Note that two views would be sufficient under the usual assumption that the image reference frame is orthogonal ( $\gamma = 0$ ), which gives the additional constraint k₃ k₅ = k₂.

If points at infinity (in practice, sufficiently far from the camera) are in the scene, ${\bf H}_{\infty}$ can be computed from point correspondences, like any ordinary plane homography [49]. Moreover, with additional knowledge, it can be estimated from vanishing points or parallelism [7,9], or constrained motion [1].

In the rest of the section, some of the most promising stratification techniques will be reviewed.

Hartley

Hartley [17] pioneered this kind of approach.

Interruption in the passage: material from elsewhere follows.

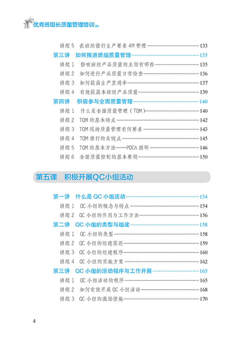 本次修订的“优秀班组长”系列图书,共包含5册,分别为《优秀班组长现场管理培训》《优秀班组长人员管理培训》《优秀班组长安全管理培训》《优秀班组长质量管理培训》和《优秀班组长基础管理培训》。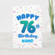 Cartão 76th Birthday, Balloon Number, Customizable Name

Starting from (30), we can write

$\begin{displaymath}({\bf Q}^i + {\bf q}^i {\bf a}^\top){\bf A} \simeq{\bf A} {\bf R}^i . \end{displaymath}$

(36)

By taking the QR decomposition of the left-hand side we obtain an upper triangular matrix ${\bf B}^i$ such that $({\bf Q}^i + {\bf q}^i {\bf a}^\top){\bf A} = {\bf B}^i {\bf R}^i ,$ so (36) rewrites ${\bf B}^i {\bf R}^i = \lambda^i {\bf A} {\bf R}^i$ or

$\begin{displaymath}\dfrac{1}{ \lambda^i } {\bf A}^{-1} {\bf B}^i = {\bf I} . \end{displaymath}$

(37)

The scale factor $1/ \lambda^i$ can be chosen so that the sum of the squares of the diagonal entries of $(1/ \lambda^i) {\bf A}^{-1} {\bf B}^i$ equals three. We seek ${\bf A}$ and ${\bf a}$ that minimizes

$\begin{displaymath}\sum_{i >0} \left \Vert \dfrac{1}{ \lambda^i } {\bf A}^{-1} {\bf B}^i - {\bf I} \right \Vert ^2 . \end{displaymath}$

(38)

Each camera excluding the first, gives six constraints in eight unknowns, so three cameras are sufficient. In practice there are more than three cameras, and the non-linear least squares problem can be solved with Levenberg-Marquardt minimization algorithm [12]. As noticed in the case of Kruppa equations, a good initial guess for the unknowns ${\bf A}$ and ${\bf a}$ is needed in order for the algorithm to converge to the solution.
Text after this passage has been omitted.